→ **Your assignment**:
Pictures stay out of the copy, and everything else in the data below is repeated exactly.

→ **Source information**:
################
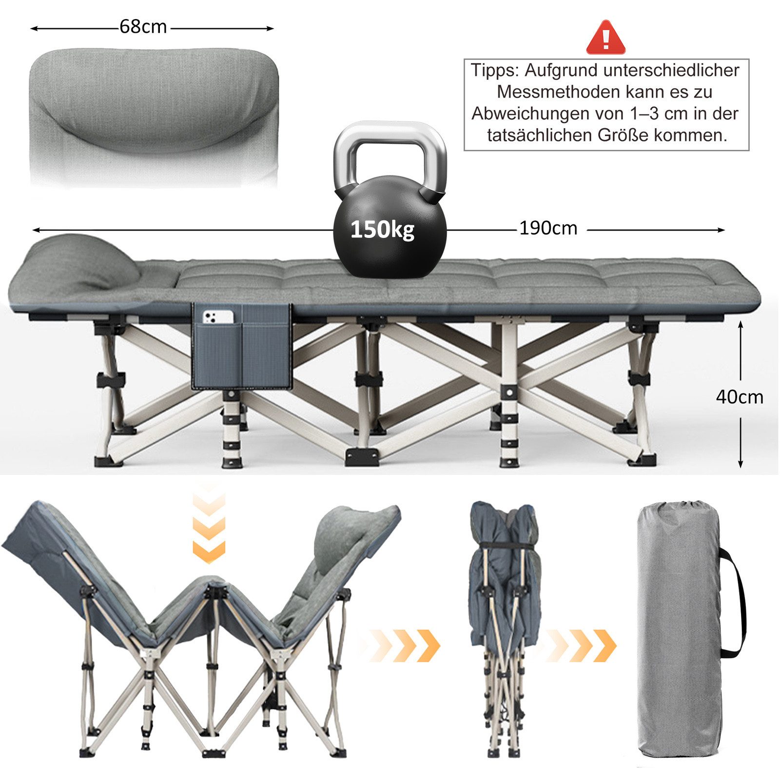 Bequeme Nachtruhe beim Camping! Dieses CALIYO Feldbett ist schnell auf- und abgebaut. Maße: 188x66x37cm, Kopfteil auf 49cm verstellbar. Bis 200kg belastbar aus Stahlrohr und Oxford-Stoff. Mit herausnehmbarer Perlbaumwoll-Matratze die waschbar ist. Rutschfeste Füße für sicheren Stand. Inklusive Tragetasche für platzsparende Aufbewahrung. Perfekt für Camping, Festivals, Gästezimmer oder Wohnmobil. Ergonomisches Design stützt Rücken und Beine. Viel komfortabler als Luftmatratzen. Macht Outdoor-Übernachtungen zum Erlebnis!
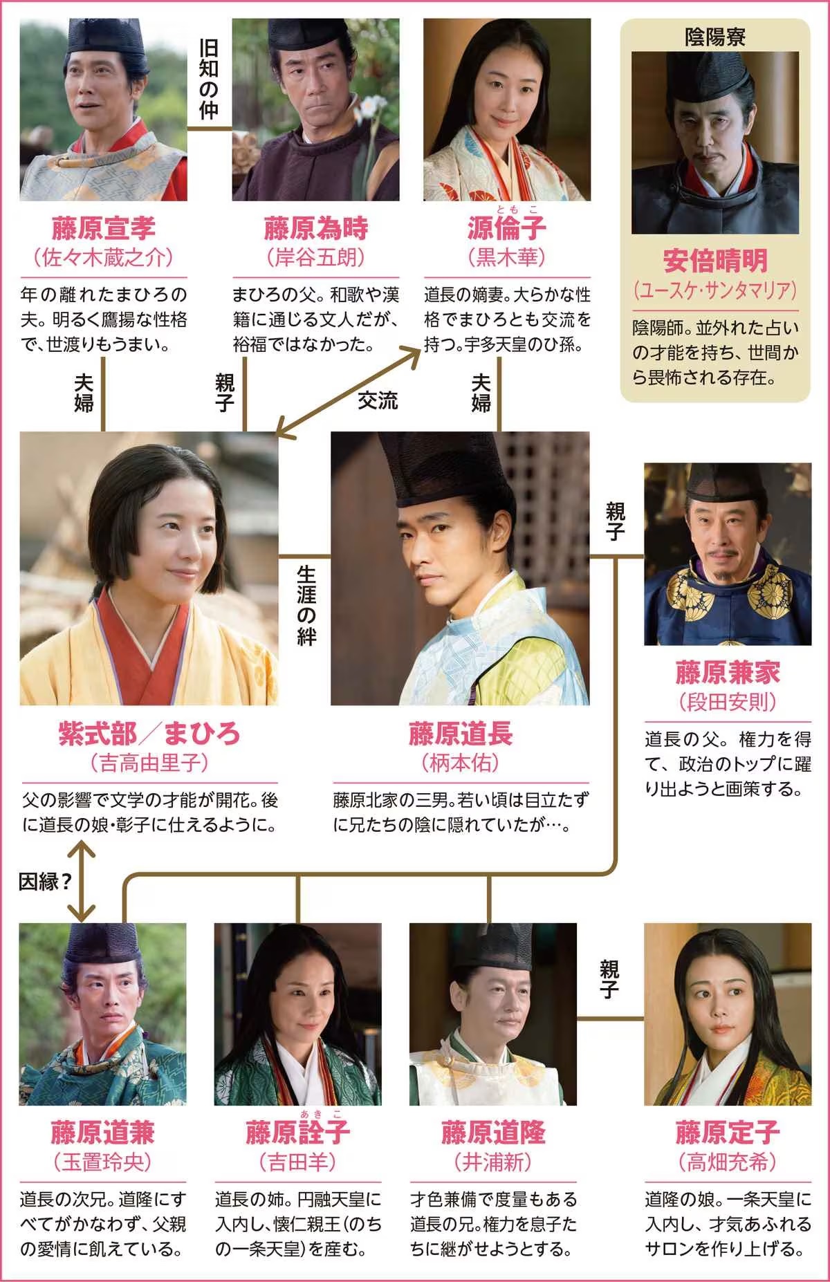 大河ドラマ「光る君へ」人物相関図 吉高由里子主演で紫式部の生涯描く平安絵巻、7日スタート ―― 第63作となるNHK大河ドラマ「光る君へ」の放送が7日(日)からスタートする。主人公は「源氏物語」を執筆した紫式部で、吉高由里子が演じる。教科書にも必ず掲載されている長編小説だが、作者である紫式部の詳細については史料がほとんど残っていない。本作では紫式部こと「まひろ」が、幼少期からの体験を通して「源氏物語」を書き上げていくドラマを構築。執筆をバックアップしたとされる藤原道長とは幼少期に出会い、生涯を通して絆を育む人物として描いている。有職故実を再現した、セットや衣装にも注目だ。
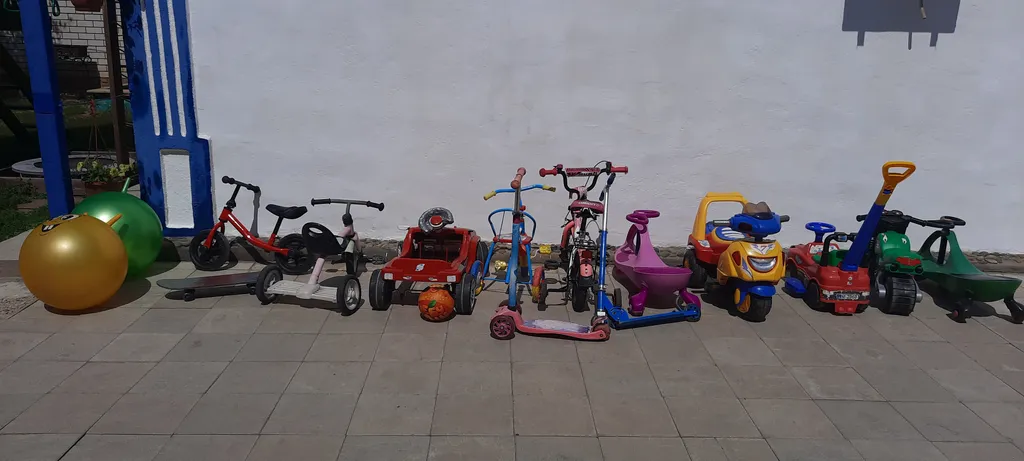 Детский автопарк: велосипеды, электро-машинки, самокат, скейт, толокары, бибикары, мячи- прыгуны, рисовальная доска, тетербол, бадминтон, баскетбольное кольцо.
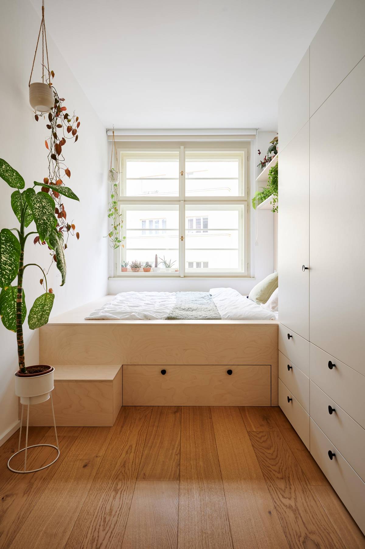 V ložnici je na míru vyrobená vyvýšená postel pod oknem
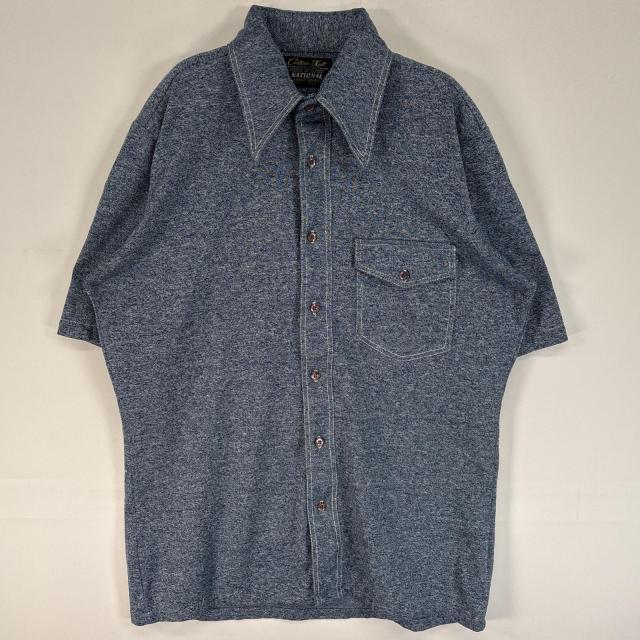 古着 70s/70年代 ヴィンテージ Contour Knit 半袖シャツ デカ襟 胸ポケ M 15-15 1/2 ネイビー 無地 メンズ
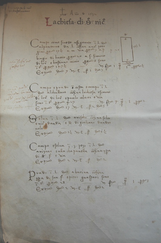 A questo punto inizia l’elenco dei beni veri e propri, in base all’ente di appartenenza. I possedimenti sono un centinaio: ci troviamo di fronte a quarantaquattro campi, trentuno prati, diciannove tra selve e boschi, due vigne e due “piagge” (i punti di secca presenti lungo il fiume Serchio).
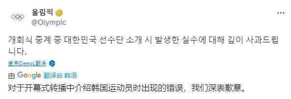 对此,国际奥委会在韩语官方账号致歉称,对在开幕式中介绍韩国运动员时出现的失误表示诚挚歉意。不过韩媒注意到,截至目前,国际奥委会尚未在其英文账号上发布道歉声明。
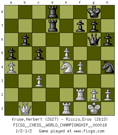 Last move : 1/2-1/2 2020 May 16 22:15:43 [Event "FICGS__CHESS__WORLD_CHAMPIONSHIP__000018"] [Site "FICGS"] [Date "2020.03.17"] [Round "8"] [White "Kruse,Herbert"] [Black "Riccio,Eros"] [Result "1/2-1/2"] [WhiteElo "2627"] [BlackElo "2613"] 1.d4 d5 2.c4 dxc4 3.e4 e5 4.Nf3 Bb4+ 5.Nc3 exd4 6.Nxd4 Nd7 7.Bxc4 Ngf6 8.f3 O-O 9.Be2 Ne5 10.O-O Qe7 11.Bg5 Bxc3 12.bxc3 c5 13.Nb3 Rd8 14.Qb1 b6 15.f4 Ng6 16.Rf2 h6 17.Bxf6 Qxf6 18.Qc1 a5 19.e5 Qf5 20.Qe3 Ne7 21.Re1 Rb8 22.Bb5 Qg6 23.a4 Nd5 24.Qc1 Bd7 25.Bxd7 Rxd7 26.Nd2 Ne7 27.Ne4 Rbd8 28.Qb1 Nf5 29.Rb2 Nh4 30.Rf2 1/2-1/2 QGA : 3.e4 Kingside Castling by player Black (move 8) Kingside Castling by player White (move 10) This chess game ended in a draw. Follow this game move after move (download)Chess is the gymnasium of the mind. (Blaise Pascal) Gott hat gewollt, dass ich Champion werde. (Surab Azmajparaschvili) Aquellos que dicen entender al Ajedrez, no entienden nada. (Robert Hubner) La solitude du joueur d'Echecs à l'approche du mat est semblable à celle du condamné. (Francis Szpiner) Dave, my mind is going. I can feel it. (HAL 9000 in 2001, a space odyssey)
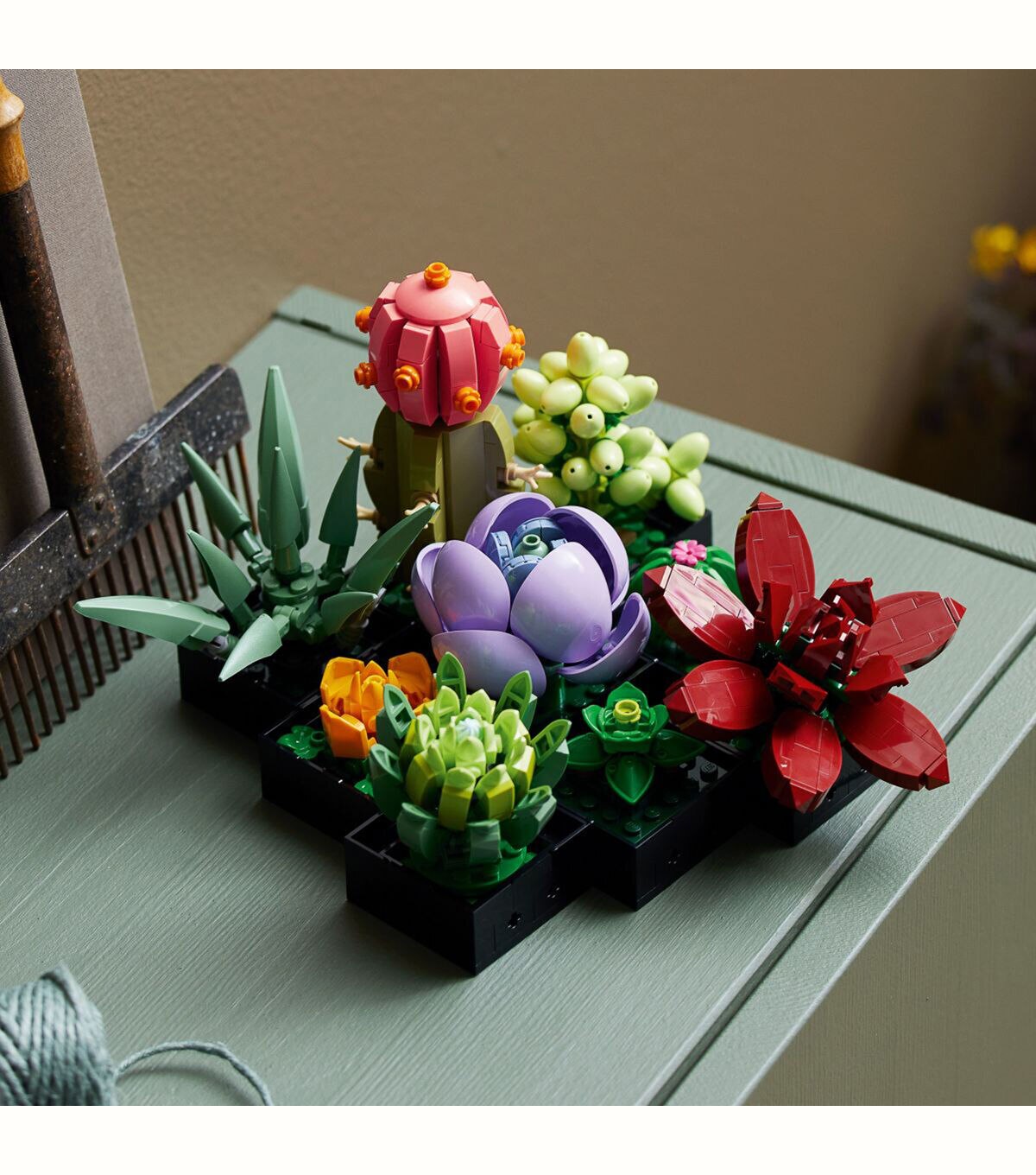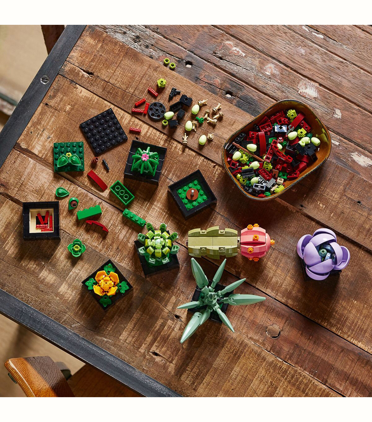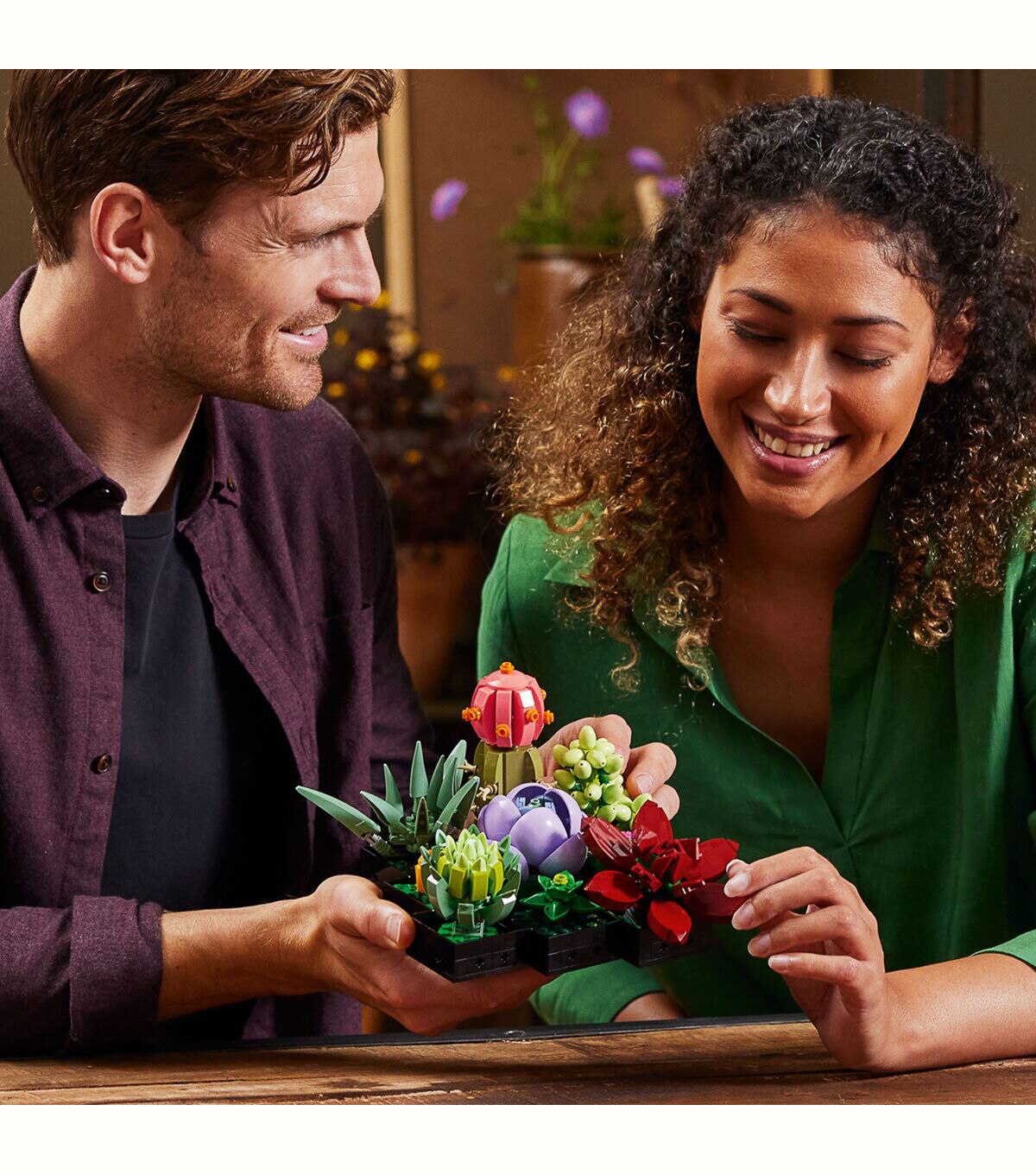 Succulents are a popular way to introduce plants into the home and enhance your decor. Now you can enjoy a mindful building project as you create an elegant plant display for your living space with this LEGO Succulents (10309) building kit for adults. Take your time crafting all the details of the 9 different succulents – each inspired by a real-life variety. Then show off your creativity with the ultimate low-maintenance plant display. Personalize your display Each succulent comes in its own small container. Combine them to create 1 arrangement, display in small groups or show them off individually throughout your home, office or dorm room. This set also makes a great gift idea for plant lovers, and with 3 separate instruction booklets it’s the perfect project to enjoy with friends and family. Building creativity, piece by piece Discover the space to be mindful and the time to relax with buildable models designed specifically for adults from the LEGO Botanical Collection.
################
→ **Solution to the exercise**:
 Bequeme Nachtruhe beim Camping! Dieses CALIYO Feldbett ist schnell auf- und abgebaut. Maße: 188x66x37cm, Kopfteil auf 49cm verstellbar. Bis 200kg belastbar aus Stahlrohr und Oxford-Stoff. Mit herausnehmbarer Perlbaumwoll-Matratze die waschbar ist. Rutschfeste Füße für sicheren Stand. Inklusive Tragetasche für platzsparende Aufbewahrung. Perfekt für Camping, Festivals, Gästezimmer oder Wohnmobil. Ergonomisches Design stützt Rücken und Beine. Viel komfortabler als Luftmatratzen. Macht Outdoor-Übernachtungen zum Erlebnis!
 大河ドラマ「光る君へ」人物相関図 吉高由里子主演で紫式部の生涯描く平安絵巻、7日スタート ―― 第63作となるNHK大河ドラマ「光る君へ」の放送が7日(日)からスタートする。主人公は「源氏物語」を執筆した紫式部で、吉高由里子が演じる。教科書にも必ず掲載されている長編小説だが、作者である紫式部の詳細については史料がほとんど残っていない。本作では紫式部こと「まひろ」が、幼少期からの体験を通して「源氏物語」を書き上げていくドラマを構築。執筆をバックアップしたとされる藤原道長とは幼少期に出会い、生涯を通して絆を育む人物として描いている。有職故実を再現した、セットや衣装にも注目だ。
 Детский автопарк: велосипеды, электро-машинки, самокат, скейт, толокары, бибикары, мячи- прыгуны, рисовальная доска, тетербол, бадминтон, баскетбольное кольцо.
 V ložnici je na míru vyrobená vyvýšená postel pod oknem
 古着 70s/70年代 ヴィンテージ Contour Knit 半袖シャツ デカ襟 胸ポケ M 15-15 1/2 ネイビー 無地 メンズ
 A questo punto inizia l’elenco dei beni veri e propri, in base all’ente di appartenenza. I possedimenti sono un centinaio: ci troviamo di fronte a quarantaquattro campi, trentuno prati, diciannove tra selve e boschi, due vigne e due “piagge” (i punti di secca presenti lungo il fiume Serchio).
 对此,国际奥委会在韩语官方账号致歉称,对在开幕式中介绍韩国运动员时出现的失误表示诚挚歉意。不过韩媒注意到,截至目前,国际奥委会尚未在其英文账号上发布道歉声明。
 Last move : 1/2-1/2 2020 May 16 22:15:43 [Event "FICGS__CHESS__WORLD_CHAMPIONSHIP__000018"] [Site "FICGS"] [Date "2020.03.17"] [Round "8"] [White "Kruse,Herbert"] [Black "Riccio,Eros"] [Result "1/2-1/2"] [WhiteElo "2627"] [BlackElo "2613"] 1.d4 d5 2.c4 dxc4 3.e4 e5 4.Nf3 Bb4+ 5.Nc3 exd4 6.Nxd4 Nd7 7.Bxc4 Ngf6 8.f3 O-O 9.Be2 Ne5 10.O-O Qe7 11.Bg5 Bxc3 12.bxc3 c5 13.Nb3 Rd8 14.Qb1 b6 15.f4 Ng6 16.Rf2 h6 17.Bxf6 Qxf6 18.Qc1 a5 19.e5 Qf5 20.Qe3 Ne7 21.Re1 Rb8 22.Bb5 Qg6 23.a4 Nd5 24.Qc1 Bd7 25.Bxd7 Rxd7 26.Nd2 Ne7 27.Ne4 Rbd8 28.Qb1 Nf5 29.Rb2 Nh4 30.Rf2 1/2-1/2 QGA : 3.e4 Kingside Castling by player Black (move 8) Kingside Castling by player White (move 10) This chess game ended in a draw. Follow this game move after move (download)Chess is the gymnasium of the mind. (Blaise Pascal) Gott hat gewollt, dass ich Champion werde. (Surab Azmajparaschvili) Aquellos que dicen entender al Ajedrez, no entienden nada. (Robert Hubner) La solitude du joueur d'Echecs à l'approche du mat est semblable à celle du condamné. (Francis Szpiner) Dave, my mind is going. I can feel it. (HAL 9000 in 2001, a space odyssey)
 Succulents are a popular way to introduce plants into the home and enhance your decor. Now you can enjoy a mindful building project as you create an elegant plant display for your living space with this LEGO Succulents (10309) building kit for adults. Take your time crafting all the details of the 9 different succulents – each inspired by a real-life variety. Then show off your creativity with the ultimate low-maintenance plant display. Personalize your display Each succulent comes in its own small container. Combine them to create 1 arrangement, display in small groups or show them off individually throughout your home, office or dorm room. This set also makes a great gift idea for plant lovers, and with 3 separate instruction booklets it’s the perfect project to enjoy with friends and family. Building creativity, piece by piece Discover the space to be mindful and the time to relax with buildable models designed specifically for adults from the LEGO Botanical Collection.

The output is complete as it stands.